Most unsaturated polyester resins (UPR) used for room temperature cure applications
are designed to work as a two-component system. The first component is the pre-promoted
resin and the second component is the organic peroxide initiator. The pre-promoted
resin is comprised of the unsaturated polyester resin, reactive diluent (typically
styrene) and the accelerator. It may also contain additional additives, such
as rheology modifiers, secondary accelerators, pigments, fillers, inhibitors,
flame retardants, anti-skinning agents, as well as other ingredients, depending
on the specific application and type of fabrication process used.
Pre-promoted resins are very practical because only one additional component,
the initiator, must be added to cure the resin. However, pre-promoted resins
can be susceptible to a shelf life stability phenomenon known as gel time drift.
Gel time drift is defined as a change in the resin’s measured gel time
compared to the original gel time measured at the time of its manufacture.
Gel time drift is typically associated with a progressive increase in the resin’s
gel time and is attributed to the loss of the accelerator’s activity over
time. The loss of accelerator activity can also affect the cure time for the
part. Control agents are used to prevent gel time drift in both pre-promoted
and customer compounded UPR.
Let’s take a close look at the gel time drift phenomenon as it relates
to cobalt accelerated pre-promoted unsaturated polyester resins and how “feeder
type” cobalt control agents are used to eliminate gel time drift.
Gel Time Drift
Gel time drift is a common occurrence in pre-promoted unsaturated polyester
resins. The UPR’s curing activity diminishes as the product ages. The
loss of curing activity is prevalent in cobalt promoted resins containing thixotropic
agents, pigments, fillers and flame retardants. It is not uncommon in standard
systems as well. A classic example of gel time drift is a thixotroped pre-promoted
resin for a gel coat or laminate application that has a gel time of 15 minutes
at the time of its manufacture, but after several weeks has a gel time of 20
to 30 minutes or even longer. In severe cases, this affect can be observed after
several days.
The most common cause of gel time drift is through the loss of active cobalt
from the organic resin phase, where the cobalt is needed to activate the initiator
in order to form free radicals at room temperature. These radicals in turn begin
the crosslinking (curing) reaction between the unsaturated polyester double
bonds and the styrene diluent. Cobalt accelerators are metal carboxylate liquids
that reside in the organic resin phase. Gel time drift takes place when the
cobalt is lost from the organic phase and adsorbed onto the surface of particles
in the system (i.e., fumed silica, pigment, filler, etc.).
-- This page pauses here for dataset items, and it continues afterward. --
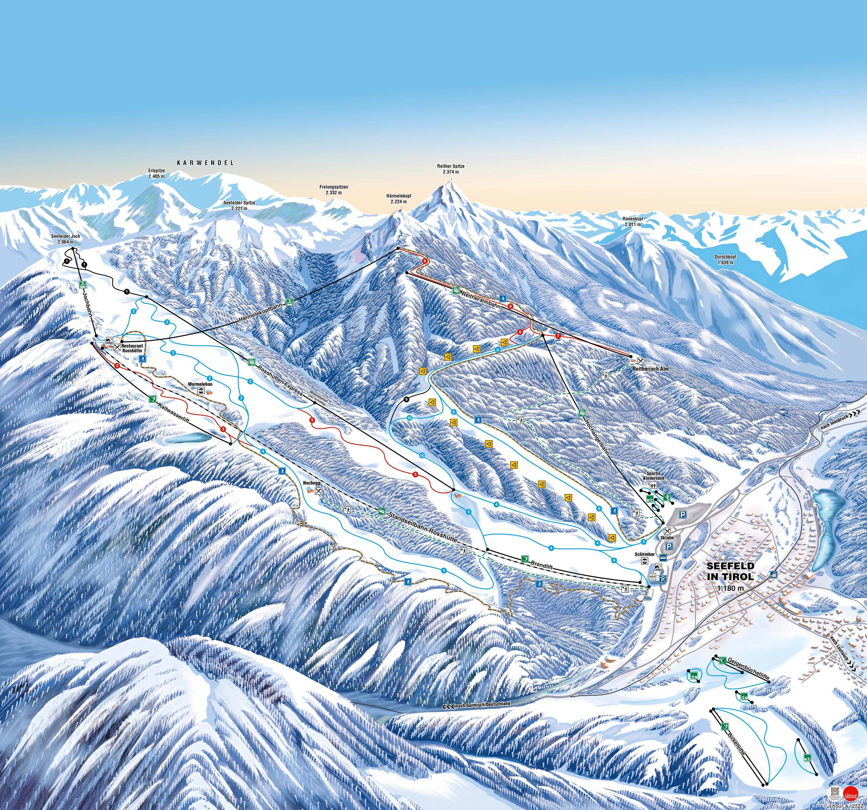 Pistekaart Bergbahnen Rosshütte – Seefeld seizoen 2025/2026
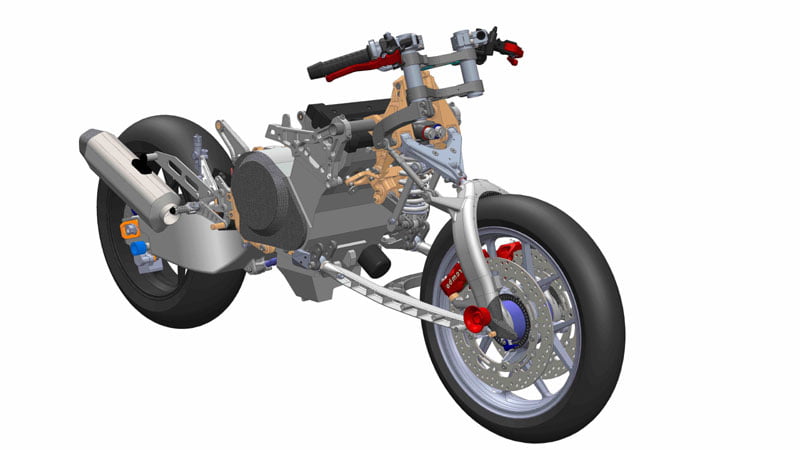 Réalisée autour d’un moteur porteur Suzuki, et d’une partie cycle composée d’éléments démontables sans fourche traditionnelle, elle a bien sûr évolué au fil des 15 saisons passées en endurance, d’autant que la petite équipe de bénévoles conçoit et réalise pratiquement tous les éléments dans leur atelier de Vibraye dans la Sarthe : châssis, réservoirs, radiateurs, carénages et selles. Ces pièces de châssis dessinées et fabriquées en interne sont quasiment toutes taillées dans la masse, en aluminium, y compris les roues avant.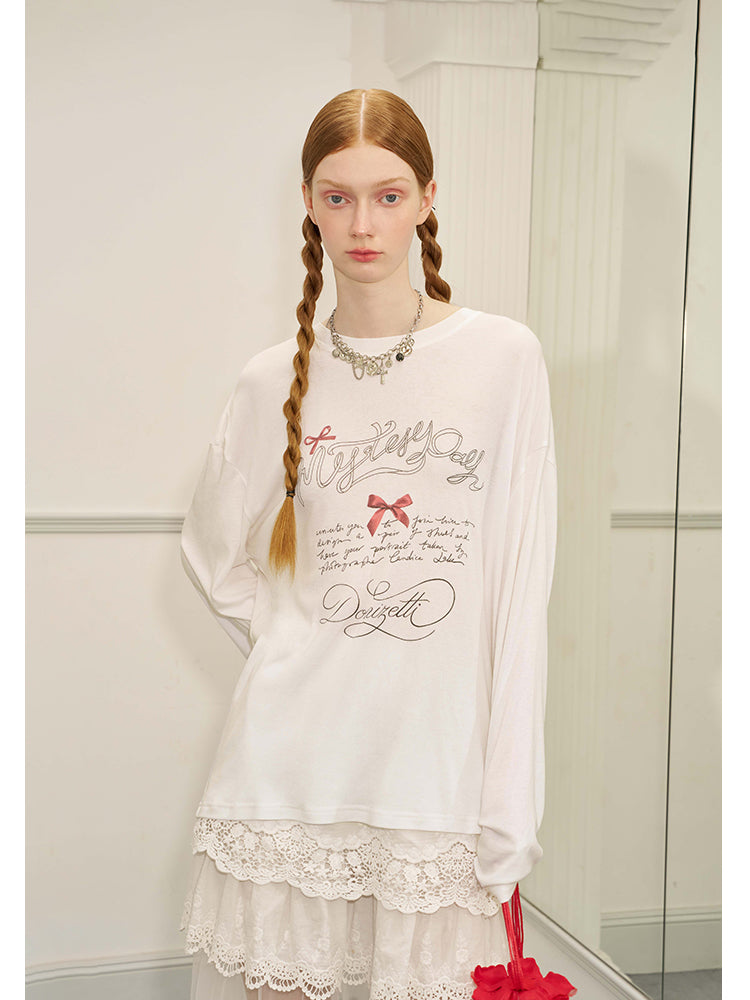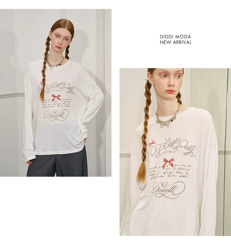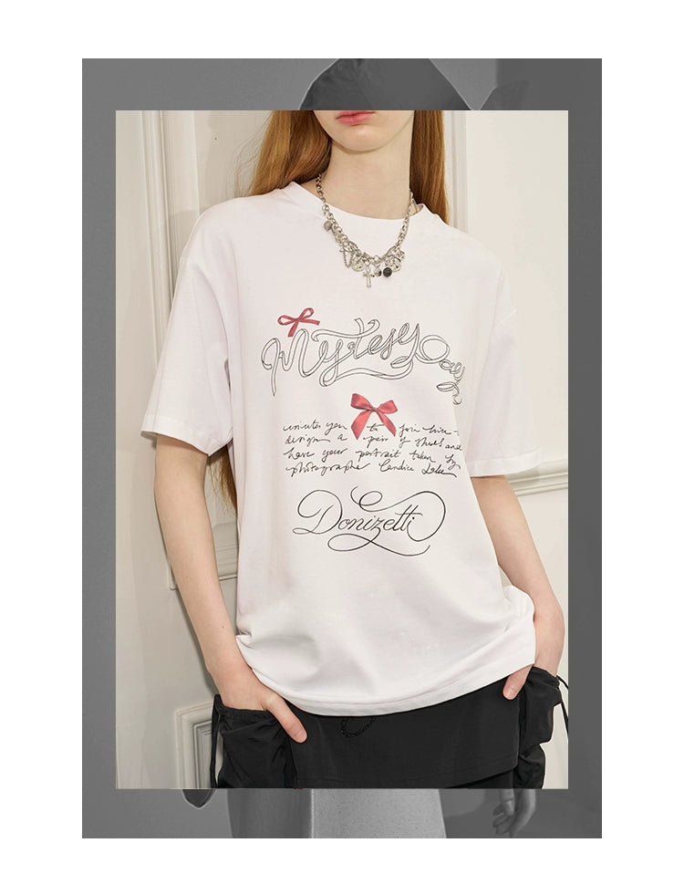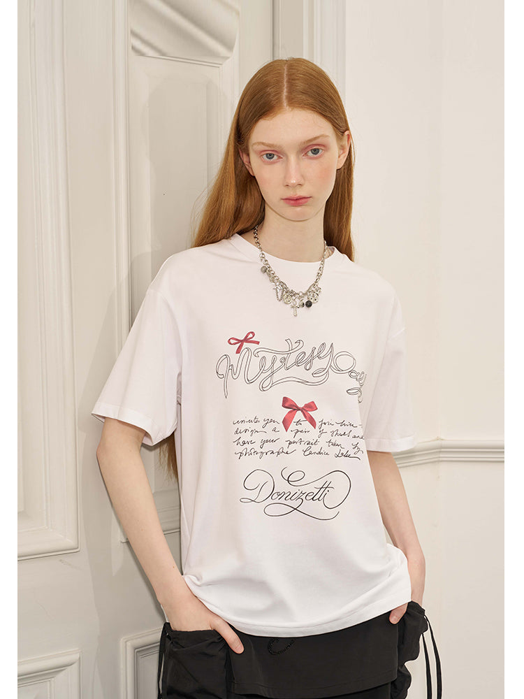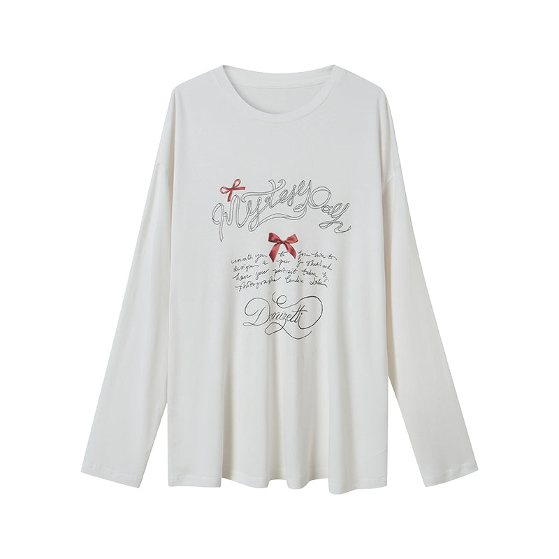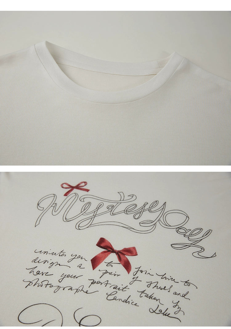 Bow Print Silk Blend Short And Long Sleeved T-Shirt

In general, the cobalt is electronically bound there to passivate the ionic
charge of the particle surface. Bound to the particle in this way, its ability
to catalyze initiator dissociation is severely reduced. As a result, the gel
and cure times of such resins can be profoundly affected. For all practical
purposes the cobalt is lost, no longer available to activate the initiator.
Using a “feeder type” cobalt control agent is the most common approach
to eliminating gel time drift commonly evoked through the adsorption/extraction
mechanism.
Control Agent
Historically, a “feeder type” cobalt control agent has proven the
most effective solution for eliminating the gel time drift phenomenon in cobalt
promoted unsaturated polyester resins.
This type of control agent provides a controlled rate of cobalt solubility
and is designed to supply both initial and continuous activity. It is referred
to as a “feeder type” control agent because it slowly “feeds”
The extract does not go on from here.